RESULTS AND DISCUSSION

Concentrations of target pharmaceuticals and their metabolites in the feed water

Table 6 summarizes the concentrations of the three pharmaceuticals and their metabolites in the A2O water. While the concentration of CBZ-10OH was much lower than that of CBZ (37 ng/L), the concentrations of CBZ-2OH, CBZ-3OH, and CBZ-Ep were comparable to that of the original compound. Furthermore, the concentration of CBZ-DiOH was more than ten times higher than that of CBZ. CBZ-Ep is known to be as pharmacologically active as CBZ (Tomson et al. 1990), and the total activity of CBZ and its metabolites is expected to be at least twice as much as CBZ alone.

Table 6

Concentrations of the three target compounds and their metabolites in the A2O effluent (n = 6, three samples were those for laboratory-scale columns and the rest were those for pilot-scale reactors)
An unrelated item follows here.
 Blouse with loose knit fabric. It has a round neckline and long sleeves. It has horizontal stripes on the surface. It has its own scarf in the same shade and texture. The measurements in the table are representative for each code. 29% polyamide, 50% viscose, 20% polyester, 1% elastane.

Compound Concentration (ng/L) 
CBZ 37 ± 8 
CBZ-2OH 44 ± 10 
CBZ-3OH 35 ± 8 
CBZ-10OH 3 ± 3 
CBZ-Ep 30 ± 6 
CBZ-DiOH 529 ± 47 
DCF 128 ± 5 
DCF-4′OH 79 ± 4 
DCF-5OH 13 ± 9 
IDM 77 ± 8 
DMI 7 ± 5 
DBI 16 ± 3 
Compound Concentration (ng/L) 
CBZ 37 ± 8 
CBZ-2OH 44 ± 10 
CBZ-3OH 35 ± 8 
CBZ-10OH 3 ± 3 
CBZ-Ep 30 ± 6 
CBZ-DiOH 529 ± 47 
DCF 128 ± 5 
DCF-4′OH 79 ± 4 
DCF-5OH 13 ± 9 
IDM 77 ± 8 
DMI 7 ± 5 
DBI 16 ± 3 

The ratios of DCF-4′OH and DCF-5OH concentrations to DCF concentration were 60% and 10%, respectively, and were lower than those in human urine (Sawchuk et al. 1995). This may suggest faster decomposition of these compounds than the original compounds in wastewater treatment. The pharmacological activities of DCF-4′OH and DCF-5OH are lower than DCF (Wiesenberg-Boettcher et al. 1991), and thus the health risk associated with these metabolites is likely to be low. In a previous work conducted in Norway, these hydroxylated metabolites were dominant (Langford & Thomas 2011), but the higher concentration of DCF (i.e., the parent compound) in the present study was consistent with another survey in Japan (Onoda et al. 2010).
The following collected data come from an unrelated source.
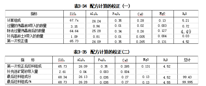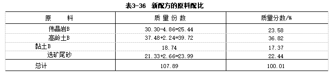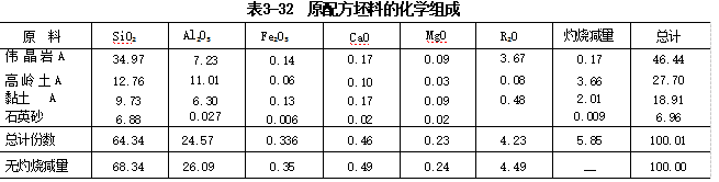 例3-11 卫生陶瓷坯料重配
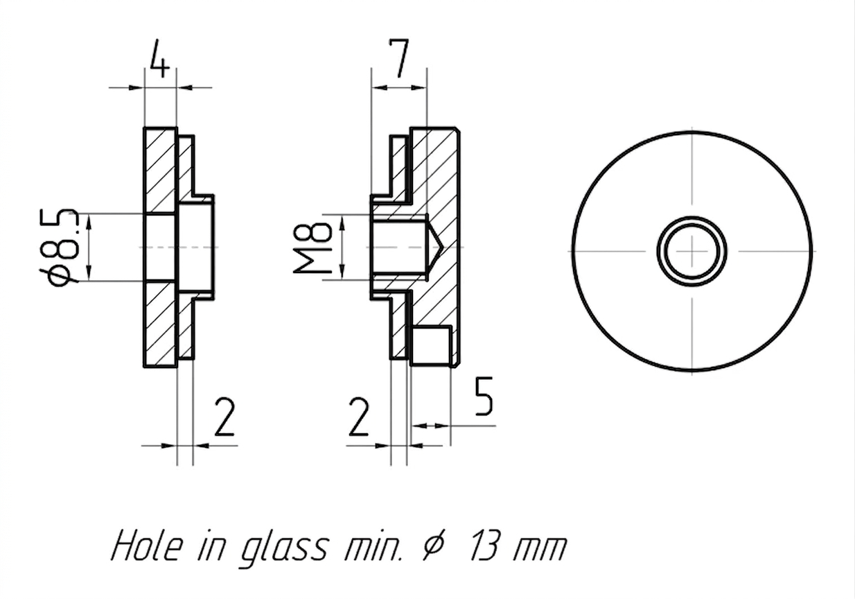 De bevestiging is bestemd voor glas met dikte van 4 mm tot 16,76 mm (inclusief gelaamineerd glas VSG). De minimale diameter van het montagegat in glas bedraagt ø 13 mm. Dankzij de universele schroefdraad M8 integreert het element gemakkelijk met typische roestvrijstalen balustradesystemen gemonteerd aan muren, palen en vlakke constructies.
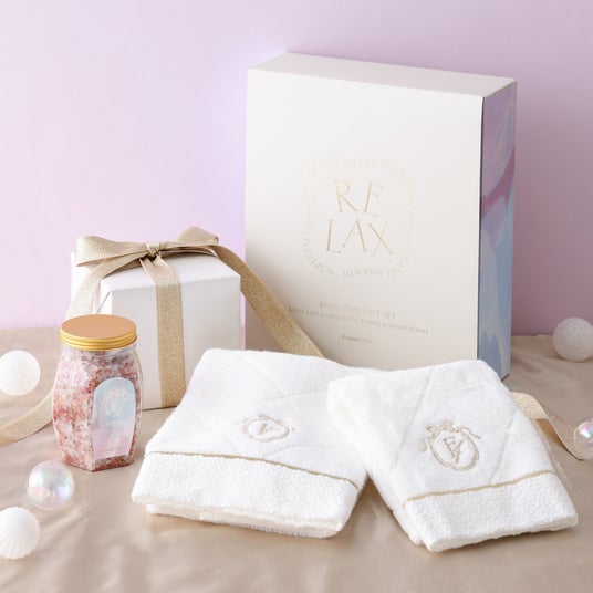まるでホテルで過ごしているような気分になれる、タオル2種とハーブ入りバスソルトのセットです。ふわりと柔らかな肌ざわりのウォッシュタオルとミニバスタオルは、ホテルタオルのようなデザインや上品な刺繍がポイント。裏面には吊り下げ用タグをあしらい、使いやすさとデザイン性を両立しました。見た目にも華やかなローズペタル入りのハーブソルトと合わせて使えば、自宅にいながらホテルのようなくつろぎのひとときをお楽しみいただけます。年末年始の疲れがたまりやすい時期に、忙しい毎日を送る友人や、頑張った自分へのご褒美にもぴったりのギフトセットです。
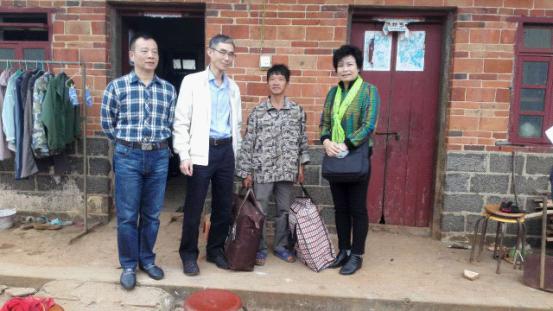 在贫困户吴耀(右二)家中,谭振东副主席(左二)了解其眼疾恢复情况,嘱咐其要遵照医生的要求定期检查,并送上慰问品和生产帮扶资金。右一为区政协专职常委何妙芬,左一为区政协专职常委蔡成辉。
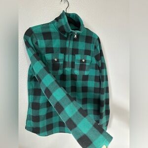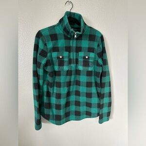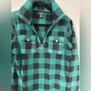 Chaps Women’s Green/Black Buffalo Plaid Fleece Quarter Zip-up. Size: Medium.

DMI and DBI were present at lower levels (10% and 20%, respectively) than IDM. It is known that the antipyretic, analgesic, and anti-inflammatory activities of IDM are lost (Duggan et al. 1972) upon the transformation to DMI and DBI, thus the risks associated with their presence are unlikely to be significant.
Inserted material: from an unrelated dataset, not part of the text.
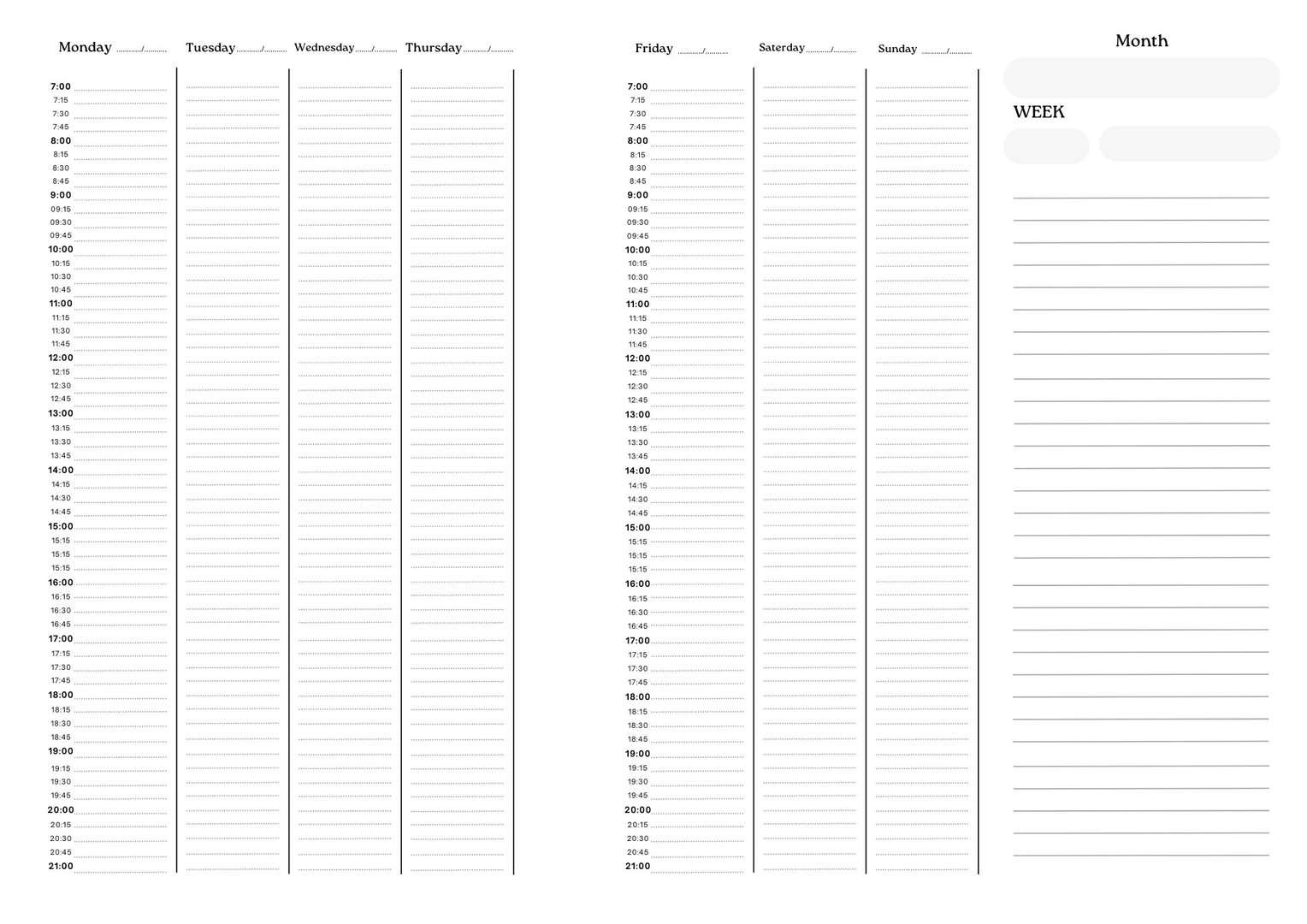 WEEK | planner | printable | digital daily planner | landscape | 07:00 – 21:00 hour

Fate of the target pharmaceuticals and their metabolites in SAT

Figure 1 shows the concentrations of CBZ and its metabolites before and after SAT. The CBZ concentration increased approximately by a factor of ca. two during SAT (from 37 to 72 ng/L), indicating the formation of CBZ in SAT (i.e., the difference between A2O and SAT effluents was statistically significant (p < 0.05 by Mann–Whitney U test)). Similar results for the fate of CBZ in wastewater treatment have been previously reported (Kobayashi et al. 2006; Radjenovic et al. 2008; Spongberg & Witter 2008; Zhang et al. 2008). Deconjugation has been proposed as a possible mechanism for the increase of CBZ levels in wastewater treatment (Zhang et al. 2008), but has not been confirmed yet. Our observation is the first reported indication of an increase of CBZ in SAT. It is noteworthy that the hydrolysis of A2O water at pH 3.0 and 80 °C for 30–60 min increased the CBZ level by 98%, while the hydrolysis reaction of each metabolite and the SAT effluent under the same reaction conditions did not result in CBZ increase. This result suggests the presence of an unknown CBZ precursor (e.g., conjugates) in A2O water.
Figure 1

Concentrations of CBZ and their metabolites before and after SAT. (The top and bottom ends of error bars show maximum and minimum concentrations, respectively. For a data set with three data points below the quantification limit (QL), max = QL, midpoint = QL/2, min = zero were assigned; for a data set with two data points below the QL, min = zero, midpoint = QL were assigned; for a data set with a data point below the QL, min was set to zero.)

Figure 1

Concentrations of CBZ and their metabolites before and after SAT. (The top and bottom ends of error bars show maximum and minimum concentrations, respectively. For a data set with three data points below the quantification limit (QL), max = QL, midpoint = QL/2, min = zero were assigned; for a data set with two data points below the QL, min = zero, midpoint = QL were assigned; for a data set with a data point below the QL, min was set to zero.)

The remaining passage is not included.